* _ASSIGNED TASK_: For the records below, output word for word the lines from the one with "Un autocollant photo" up to and including the one with "それから「来てくださったみなさん水分とってゆっくり休んでくださいね 」とメッセージを送り、「\ おいし〜". No pictures.

↓

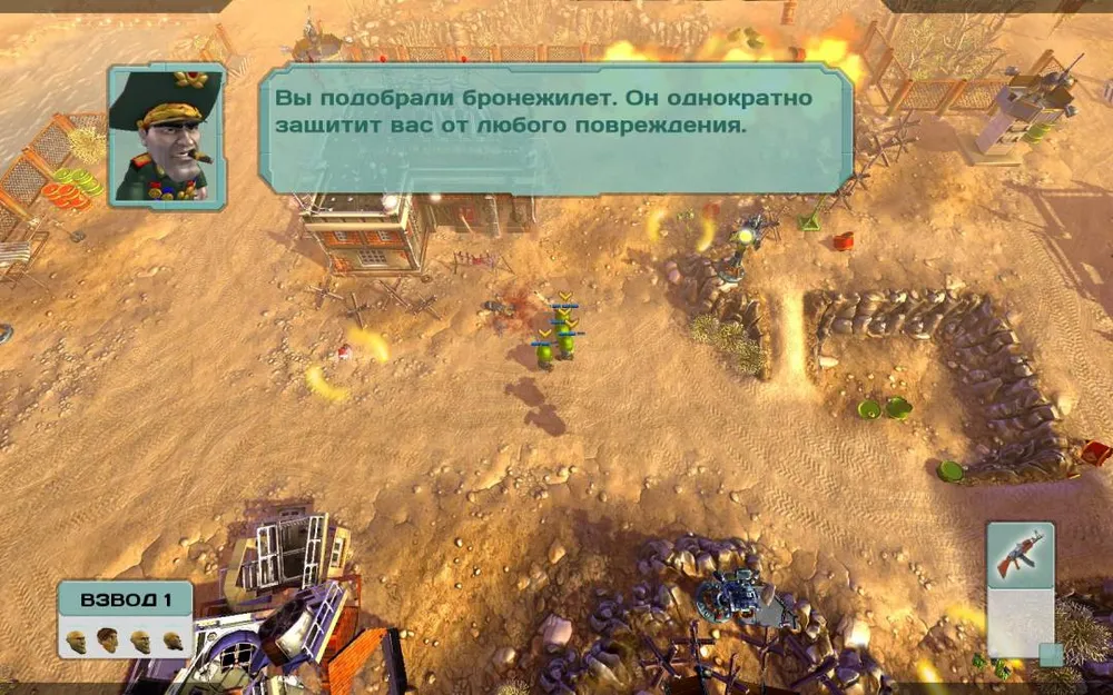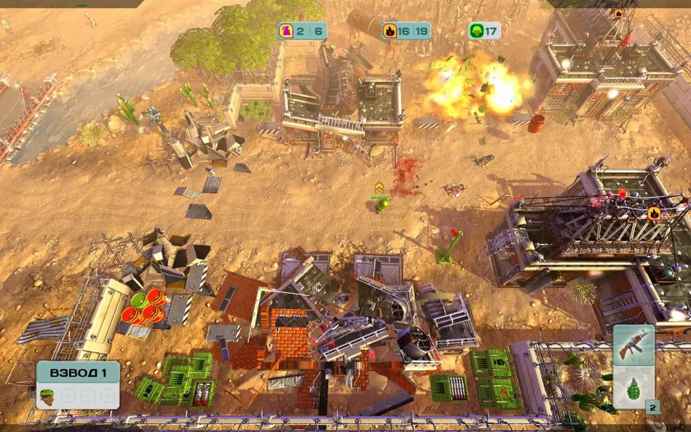 Дизайнеры постарались изобразить не правдоподобный, а изометрический мир. Мультяшные солдаты с комическим вооружением, и совсем серьезными разрушениями.
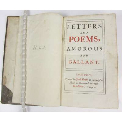 Letters and Poems, amorous and gallant. London, Printed for Jacob Tonson, 1692. First edition, 8vo, pp. [16], 120, title-page printed in red and black, contemporary mottled calf, rebacked, early armorial bookplate of the Bellasyse library (Viscount Fauconberg), [Wing W 647; Hayward 136]
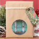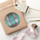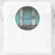 Un autocollant photo rond avec des chiens errants dormant dans la rue devant de vieilles portes vertes sales à Katmandou, la capitale du Népal.
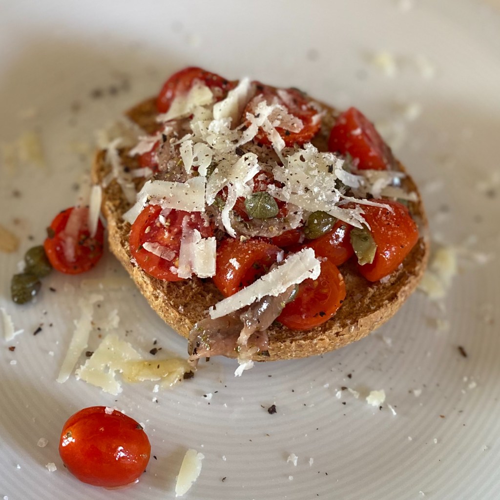 - pomodorini, acciughe, capperi, pecorino, olio evo, sale, pepe
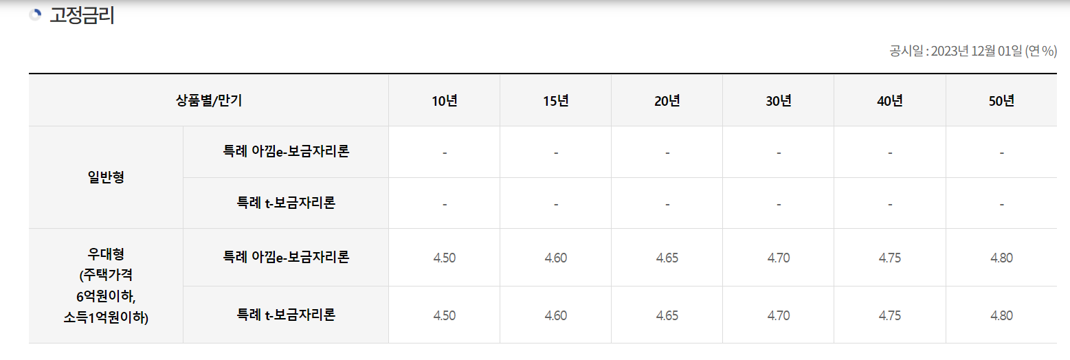 금리가 다소 아쉬운 부분이 있습니다. 우대금리를 적용해도 4.25~4.55%부터 시작해서 생각보다 저렴하지 않습니다. 그래서 디딤돌 대출처럼 2%대 금리를 적용하기가 쉽지 않은 것 같습니다(특별지급=생각보다 좋지 않음)
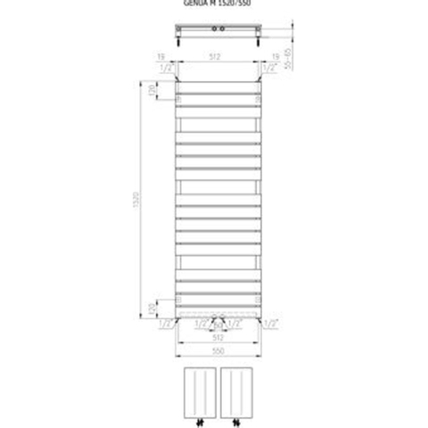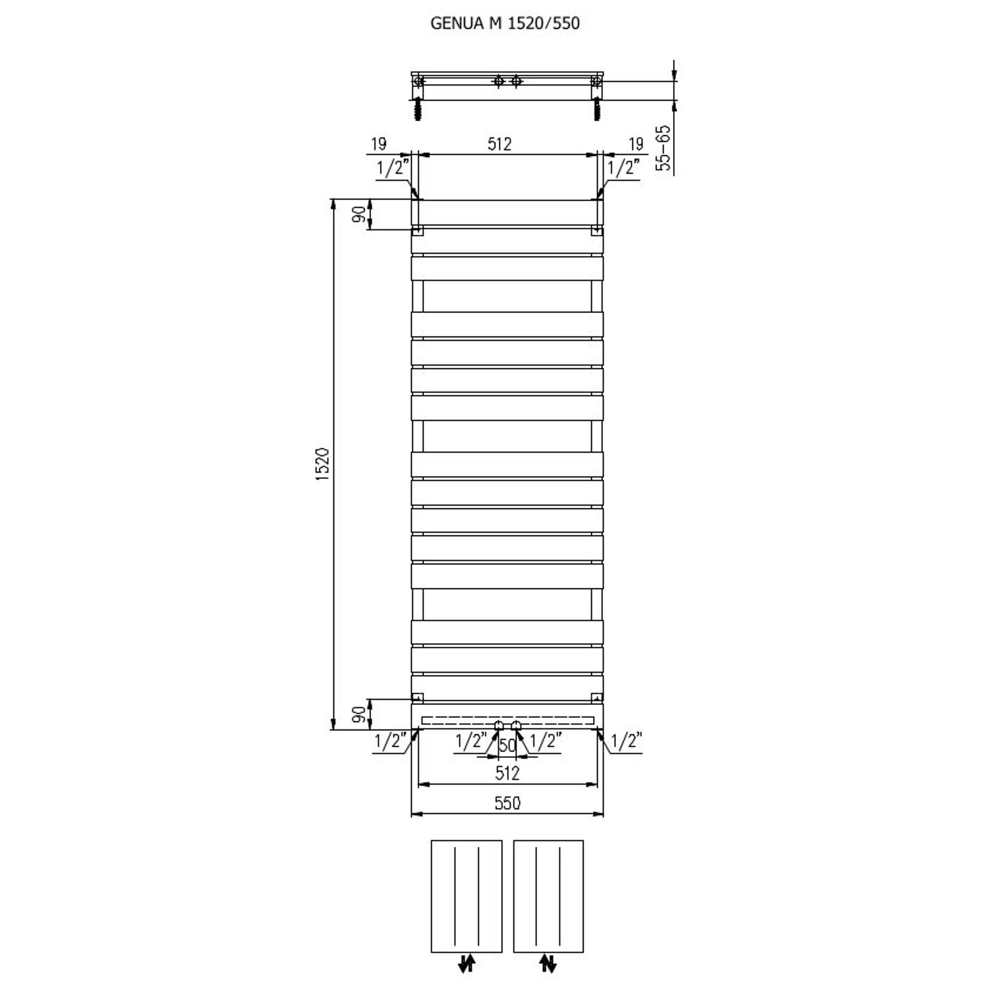 Plieger Genua M designradiator horizontaal middenaansluiting 1520x550mm 800W wit
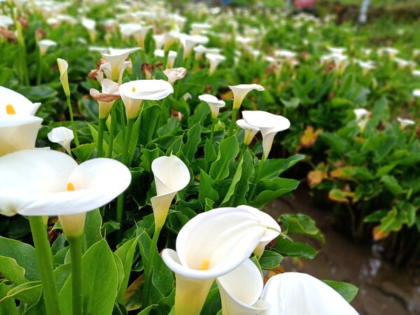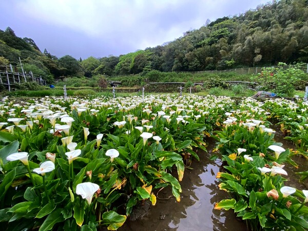 尤其現在是「海竽季」,那一畦畦迤邐到山腳下,開得似如朝天吹響小喇叭狀的白色海竽,襯著遠方綠色山巒,真是令人滿心喜悅。
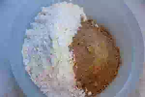 2. В другой миске растереть венчиком или миксером размягченное сливочное масло с коричневым сахаром.
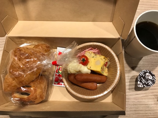 コロナ対策の朝食はお弁当になっていました。
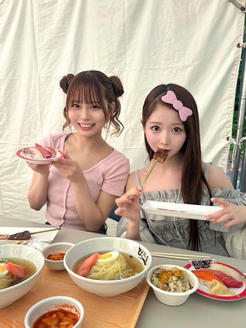 それから「来てくださったみなさん水分とってゆっくり休んでくださいね 」とメッセージを送り、「\ おいし〜 /」と写真の自分の声を代弁するような言葉を記した。
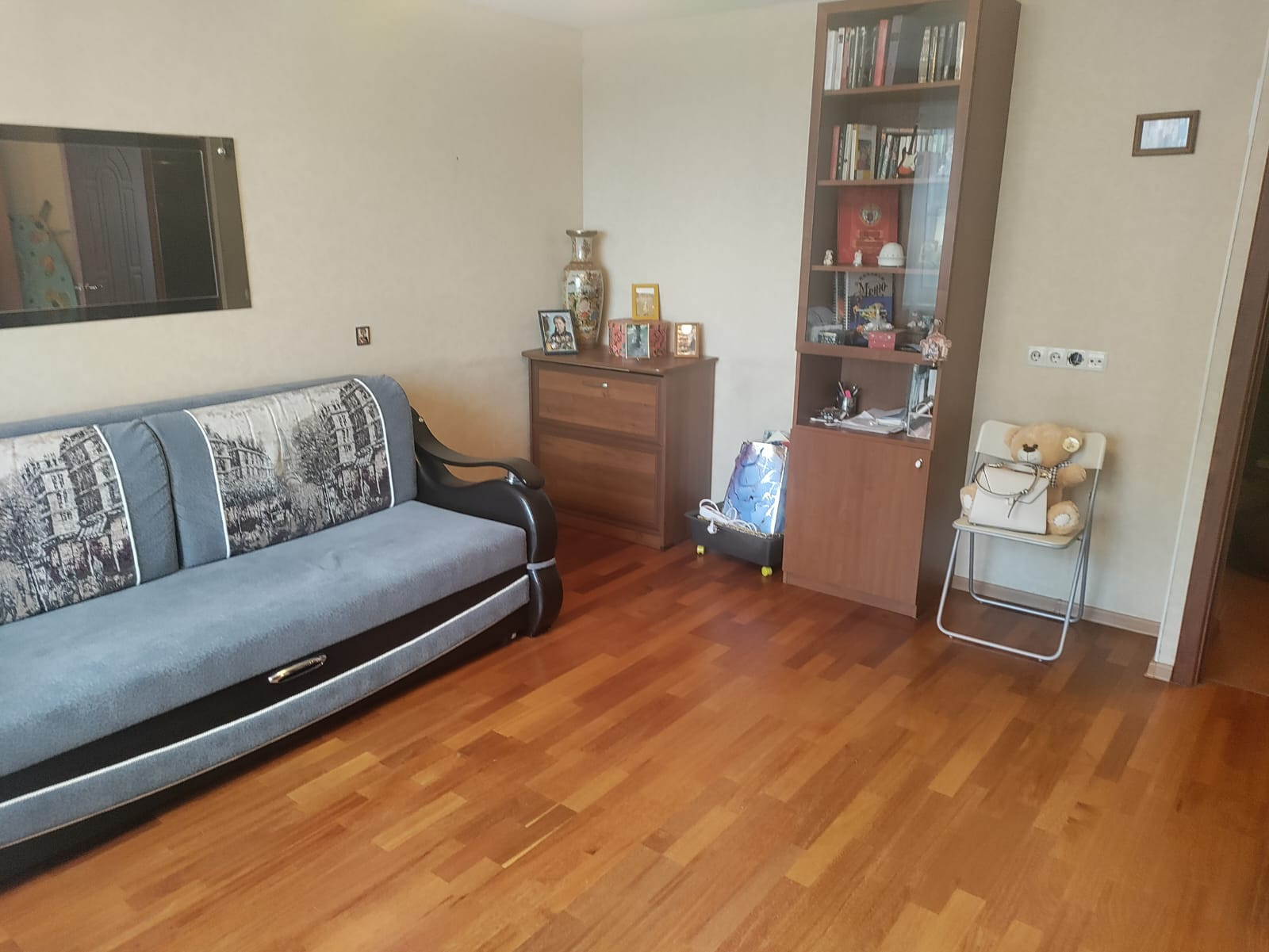 Состояние отличное, остается хорошая встроенная кухня с качественной бытовой техникой, встроенные шкафы, другая мебель по договоренности- можно сразу заезжать и жить, не вкладываясь в ремонт.
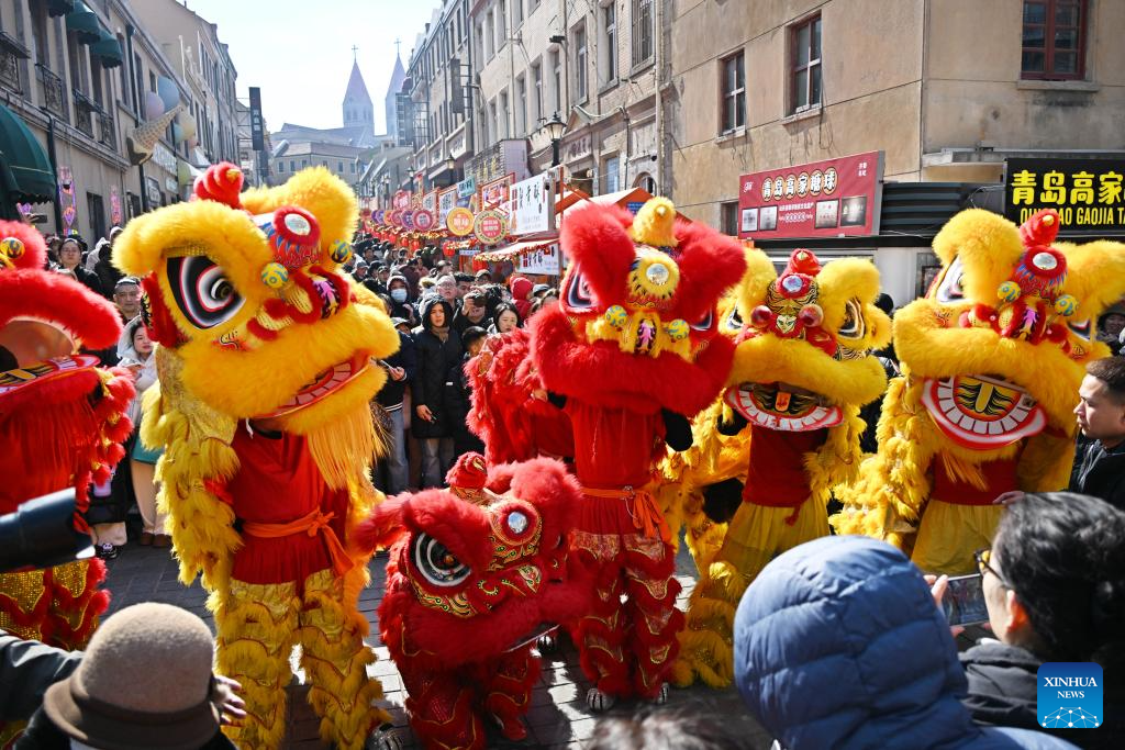 Imagen del 17 de febrero de 2026 de visitantes observando una presentación de la danza del león, en Qingdao, en la provincia de Shandong, en el este de China. Durante las vacaciones de la Fiesta de la Primavera, las personas en Qingdao participaron en varios eventos para experimentar el ambiente festivo. (Xinhua/Li Ziheng)
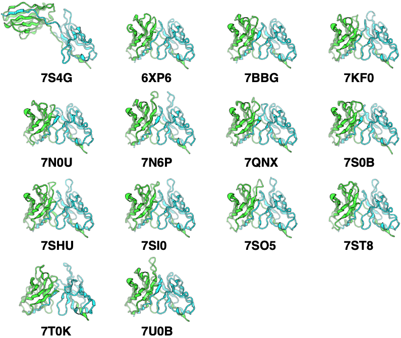 Figure 16: C-terminal strand swapping artifacts in AlphaFold-Multimer predictions. Representative examples of 14 paired antibody benchmark targets where AlphaFold-Multimer incorrectly predicts strand swaps between heavy (green) and light (cyan) chain C-terminal beta strands. In native antibody structures, each chain's C-terminal strand participates in its own immunoglobulin domain beta barrel. AlphaFold-Multimer occasionally predicts swapped architectures where heavy chain C-terminus integrates into light chain beta barrel and vice versa. This systematic error mode occurs in ~7% of benchmark predictions (14/197 targets) and results in elevated framework RMSD despite otherwise accurate structure prediction. IgFold's antibody-specific architecture does not exhibit this failure mode, likely due to training exclusively on correctly folded antibody structures rather than general protein complexes. Source: Ruffolo et al. 2023, Figure S5.
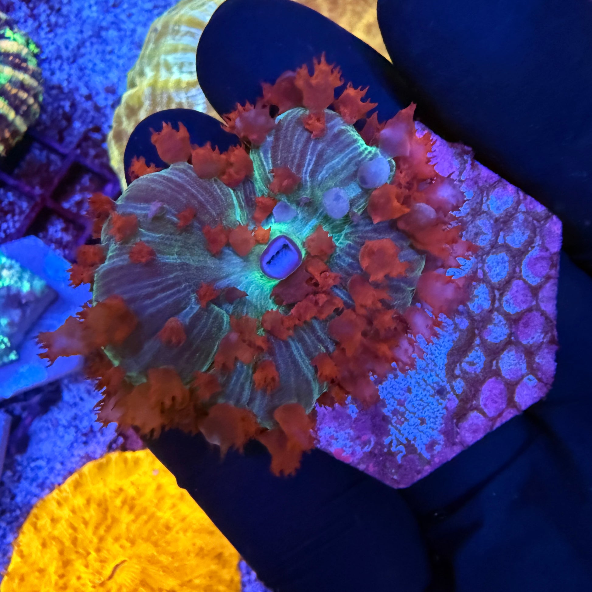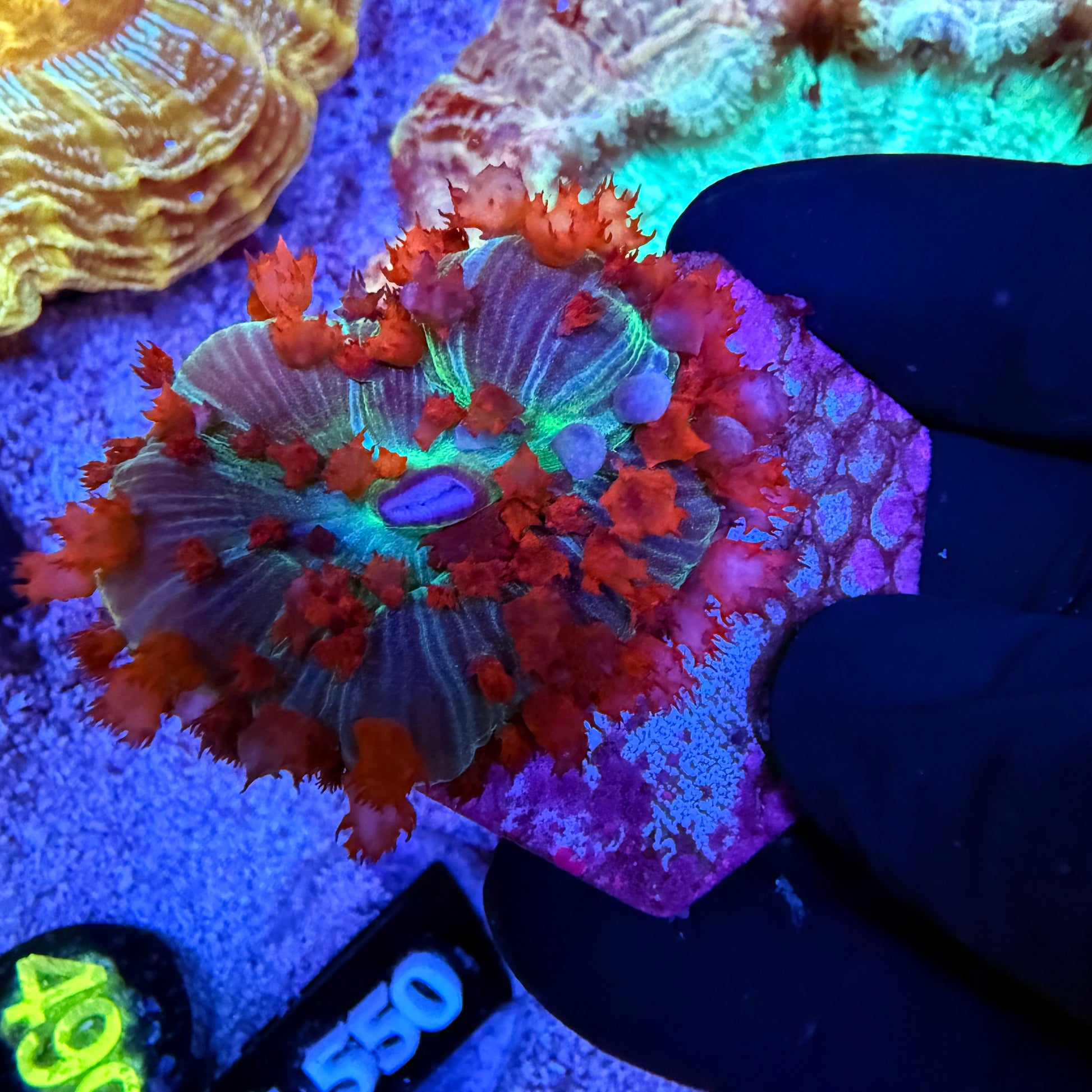 St. Thomas mushrooms are highly sought-after for their intense coloration and unique, wavy texture, often displaying bold blues, purples, greens, and multicolor patterns with a glossy sheen. Known for their larger size and striking presence, these mushrooms thrive in low to moderate light and gentle flow. Hardy yet exotic in appearance, St. Thomas mushrooms make an exceptional statement piece for collectors looking to add rare Caribbean flair to their reef tank.

↑

* _TASK RESULT_:
 Un autocollant photo rond avec des chiens errants dormant dans la rue devant de vieilles portes vertes sales à Katmandou, la capitale du Népal.
 - pomodorini, acciughe, capperi, pecorino, olio evo, sale, pepe
 금리가 다소 아쉬운 부분이 있습니다. 우대금리를 적용해도 4.25~4.55%부터 시작해서 생각보다 저렴하지 않습니다. 그래서 디딤돌 대출처럼 2%대 금리를 적용하기가 쉽지 않은 것 같습니다(특별지급=생각보다 좋지 않음)
 Plieger Genua M designradiator horizontaal middenaansluiting 1520x550mm 800W wit
 尤其現在是「海竽季」,那一畦畦迤邐到山腳下,開得似如朝天吹響小喇叭狀的白色海竽,襯著遠方綠色山巒,真是令人滿心喜悅。
 2. В другой миске растереть венчиком или миксером размягченное сливочное масло с коричневым сахаром.
 コロナ対策の朝食はお弁当になっていました。
 それから「来てくださったみなさん水分とってゆっくり休んでくださいね 」とメッセージを送り、「\ おいし〜 /」と写真の自分の声を代弁するような言葉を記した。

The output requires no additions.